Would you reproduce each line below exactly, leaving every picture out?
== Data provided
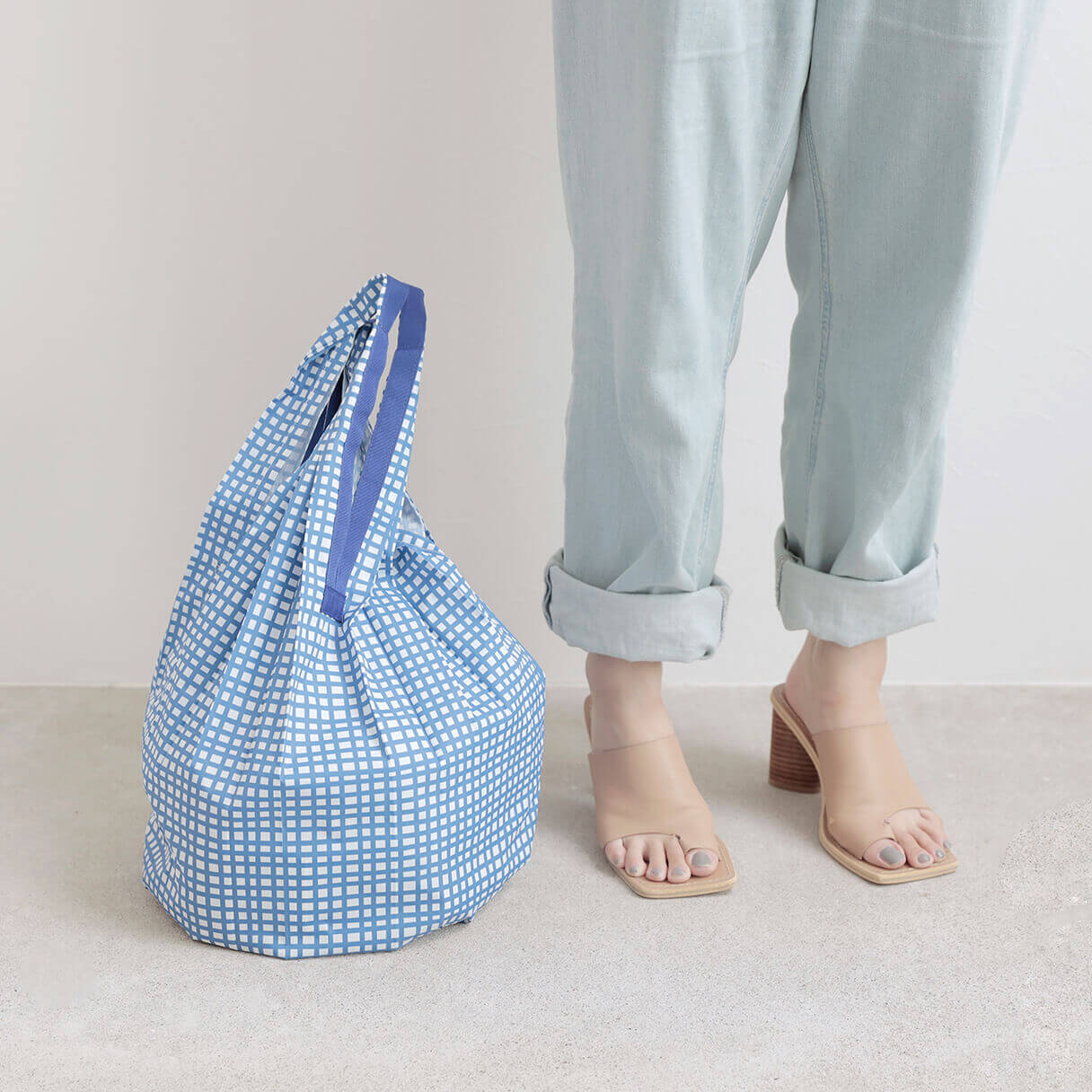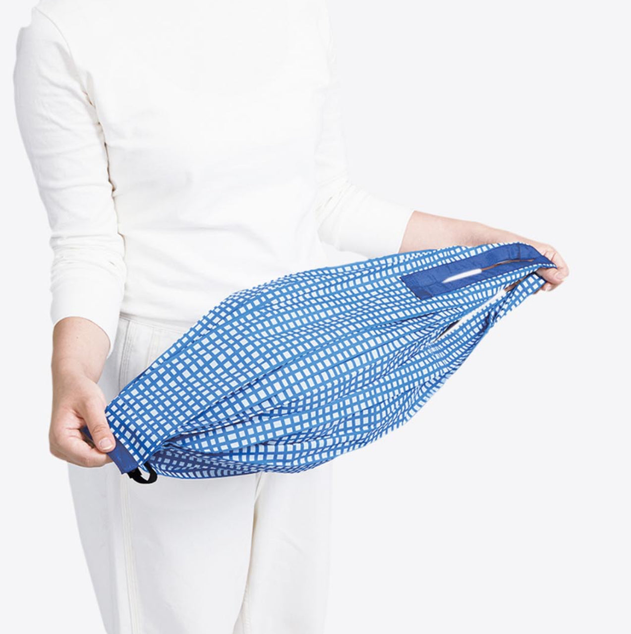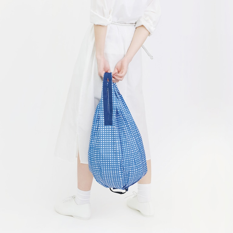 Shupatto Drop is a drop-shaped vertical version of our original Shupatto, folding down into a slim flat square that fits easily into your handbag. Gives you an extra length to easily carry a wine bottle, bread, and any vegetable with that length.
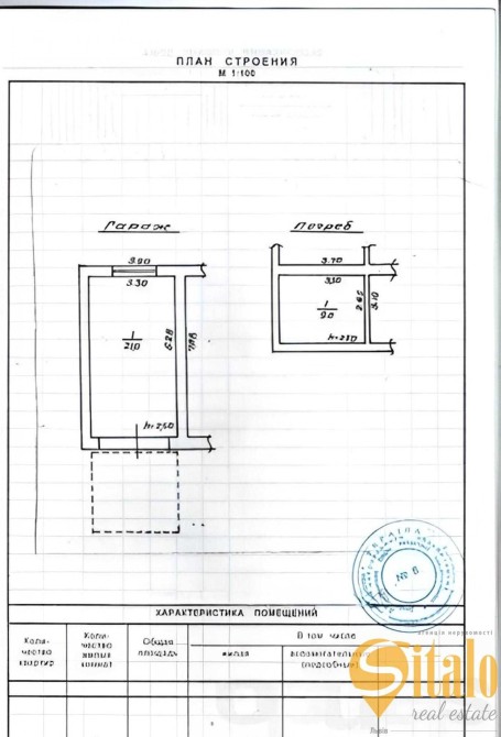 Загальна площа 20.9 м². Висота стелі – 2,5 м. Під гаражем розташований погріб площею 8 м², обладнаний дерев’яними стелажами .
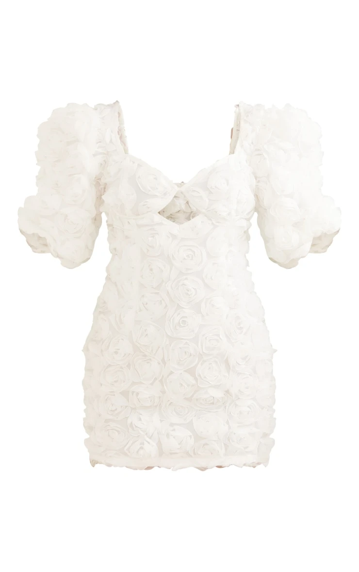 Get ready to look all kinds of glam in this unreal white rose applique puff sleeve cup detail bodycon dress, it is the perfect piece for your next date night and beyond. This dress includes a white material with a rose applique detail that will bring all the luxe vibes. With a bardot design and a figure-flattering fit, get ready to show off your confident side. Style with your fave heels and minimal accessories for a flawless finish.
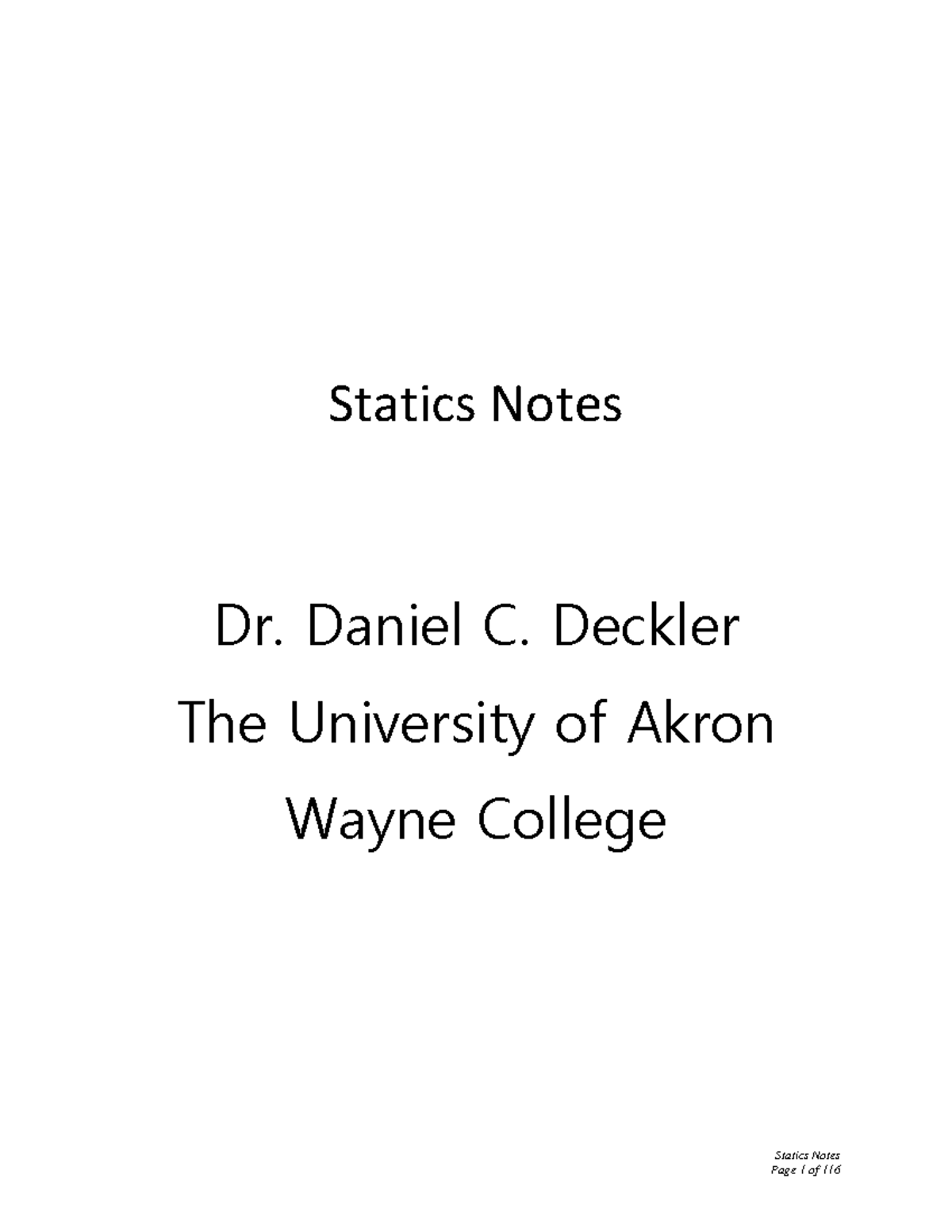 Statics Notes Statics Notes Dr. Daniel C. Deckler The University of
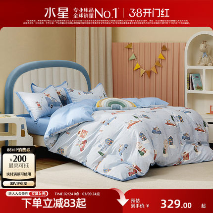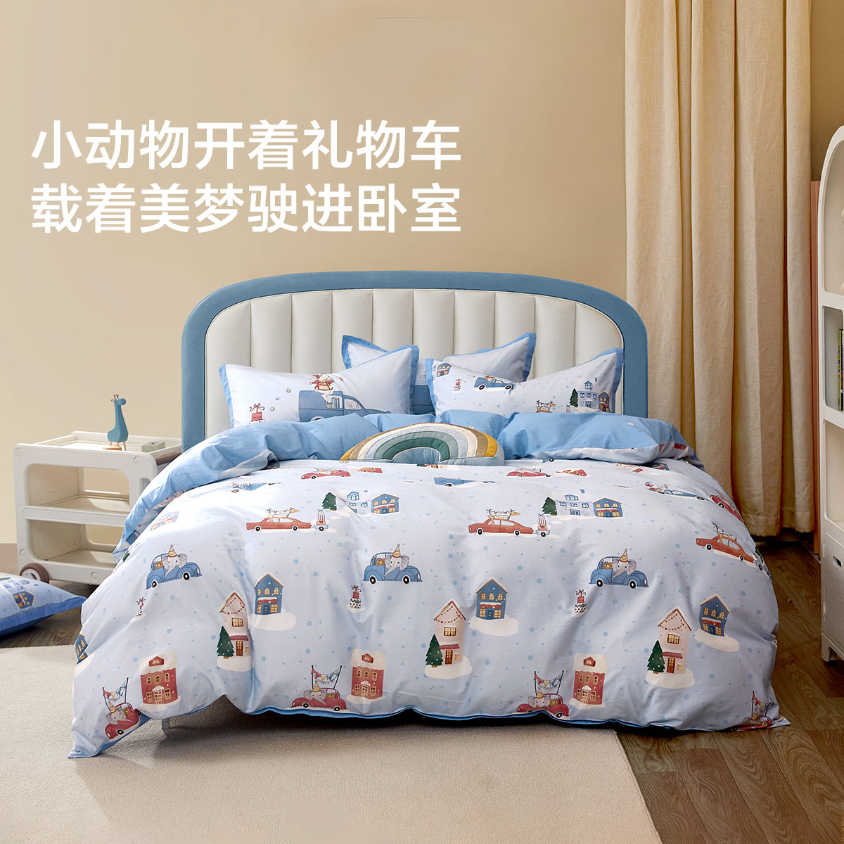 水星家纺儿童全棉三/四件套母婴A类抑菌纯棉套件卡通被套床单床品
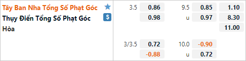 Nhưng ở thời điểm hiện tại lối chơi của ĐT Tây Ban Nha không tạo ra nhiều tình huống phạt góc, cụ thể trong 5 trận đấu gần nhất của đội chủ nhà chỉ có duy nhất 1 trận đấu kết thúc với nhiều hơn 9 tình huống phạt góc. Trong khi con số này bên phía ĐT Thuỵ Điển là 1 trong 8 trận đấu gần nhất có kết quả tài phạt góc
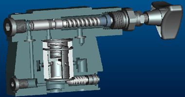 实验流程:首先按照液压与液力传动虚拟实验说明书,熟悉各种液压泵、马达、液压阀液压缸等液压元件的三维立体结构及工作原理,掌握各种元件的主要结构构造和零部件的组成,分析各种零部件的各自作用和设计、制造加工和装配的注意事项,最后能熟练应用PRO/E软件对部分液压元件进行三维建模。其次是熟练掌握各种基本液压回路的组成及其作用,并能根据工程需要设计较复杂液压系统。常用基本液压回路是用液压元件组成并能完成特定功能的典型回路,对于任何一种液压系统,不论其复杂程度如何,实际上都是由一些液压基本回路组成的。通过学习并掌握FluidSIM-H软件的基本使用方法,能熟练搭建液压基本回路和复杂液压系统,可设计和液压气动回路相配套的电气控制回路。弥补以前液压传动教学中,学生只见液压回路不见电气回路,从而不明白各种开关和阀动作过程的弊病,提高学生对电液压的认识和实际应用能力。其三是熟悉基于AMESim、MATLAB/SIMULINK的液压系统建模与仿真。要求学生首先能按照系统结构原理图选择液压元件,搭建液压系统的回路,然后利用仿真软件对所建液压系统进行仿真分析,接着能针对仿真结果找出影响系统性能的的主要因素,最后能提出改进建议并提出设计新方案。
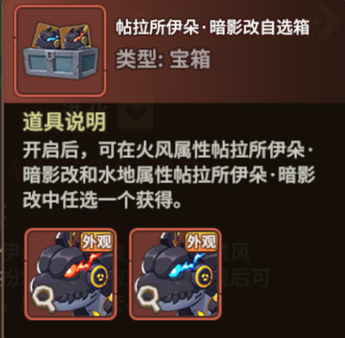 自选箱:火风与水地两种元素形态可自选。
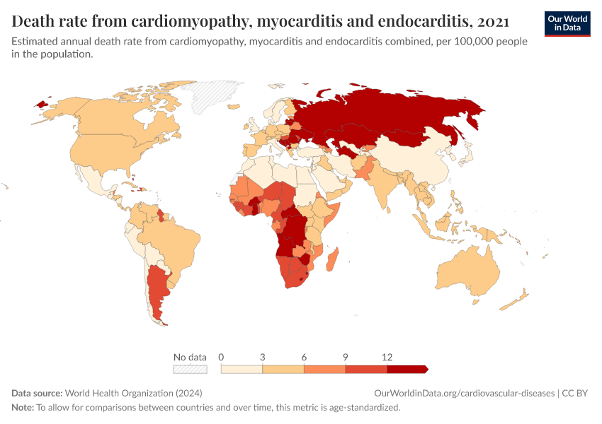 World Health Organization (2024) – with major processing by Our World in Data. “Death rate from cardiomyopathy, myocarditis and endocarditis” [dataset]. World Health Organization, “Global Health Estimates” [original data]. Retrieved March 4, 2026 from https://refactor-hide-legend.owid.pages.dev/grapher/death-rate-from-cardiomyopathy-myocarditis-endocarditis-who-ghe-age-standardized
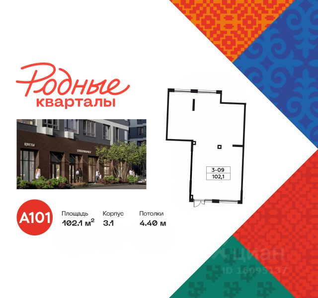Продается торговое помещение площадью 102.10. на 1-м этаже ЖК "Родные кварталы".
====
# Task solution
 Shupatto Drop is a drop-shaped vertical version of our original Shupatto, folding down into a slim flat square that fits easily into your handbag. Gives you an extra length to easily carry a wine bottle, bread, and any vegetable with that length.
 Загальна площа 20.9 м². Висота стелі – 2,5 м. Під гаражем розташований погріб площею 8 м², обладнаний дерев’яними стелажами .
 Get ready to look all kinds of glam in this unreal white rose applique puff sleeve cup detail bodycon dress, it is the perfect piece for your next date night and beyond. This dress includes a white material with a rose applique detail that will bring all the luxe vibes. With a bardot design and a figure-flattering fit, get ready to show off your confident side. Style with your fave heels and minimal accessories for a flawless finish.
 Statics Notes Statics Notes Dr. Daniel C. Deckler The University of
 水星家纺儿童全棉三/四件套母婴A类抑菌纯棉套件卡通被套床单床品
 Nhưng ở thời điểm hiện tại lối chơi của ĐT Tây Ban Nha không tạo ra nhiều tình huống phạt góc, cụ thể trong 5 trận đấu gần nhất của đội chủ nhà chỉ có duy nhất 1 trận đấu kết thúc với nhiều hơn 9 tình huống phạt góc. Trong khi con số này bên phía ĐT Thuỵ Điển là 1 trong 8 trận đấu gần nhất có kết quả tài phạt góc
 实验流程:首先按照液压与液力传动虚拟实验说明书,熟悉各种液压泵、马达、液压阀液压缸等液压元件的三维立体结构及工作原理,掌握各种元件的主要结构构造和零部件的组成,分析各种零部件的各自作用和设计、制造加工和装配的注意事项,最后能熟练应用PRO/E软件对部分液压元件进行三维建模。其次是熟练掌握各种基本液压回路的组成及其作用,并能根据工程需要设计较复杂液压系统。常用基本液压回路是用液压元件组成并能完成特定功能的典型回路,对于任何一种液压系统,不论其复杂程度如何,实际上都是由一些液压基本回路组成的。通过学习并掌握FluidSIM-H软件的基本使用方法,能熟练搭建液压基本回路和复杂液压系统,可设计和液压气动回路相配套的电气控制回路。弥补以前液压传动教学中,学生只见液压回路不见电气回路,从而不明白各种开关和阀动作过程的弊病,提高学生对电液压的认识和实际应用能力。其三是熟悉基于AMESim、MATLAB/SIMULINK的液压系统建模与仿真。要求学生首先能按照系统结构原理图选择液压元件,搭建液压系统的回路,然后利用仿真软件对所建液压系统进行仿真分析,接着能针对仿真结果找出影响系统性能的的主要因素,最后能提出改进建议并提出设计新方案。
 自选箱:火风与水地两种元素形态可自选。
 World Health Organization (2024) – with major processing by Our World in Data. “Death rate from cardiomyopathy, myocarditis and endocarditis” [dataset]. World Health Organization, “Global Health Estimates” [original data]. Retrieved March 4, 2026 from https://refactor-hide-legend.owid.pages.dev/grapher/death-rate-from-cardiomyopathy-myocarditis-endocarditis-who-ghe-age-standardized
Продается торговое помещение площадью 102.10. на 1-м этаже ЖК "Родные кварталы".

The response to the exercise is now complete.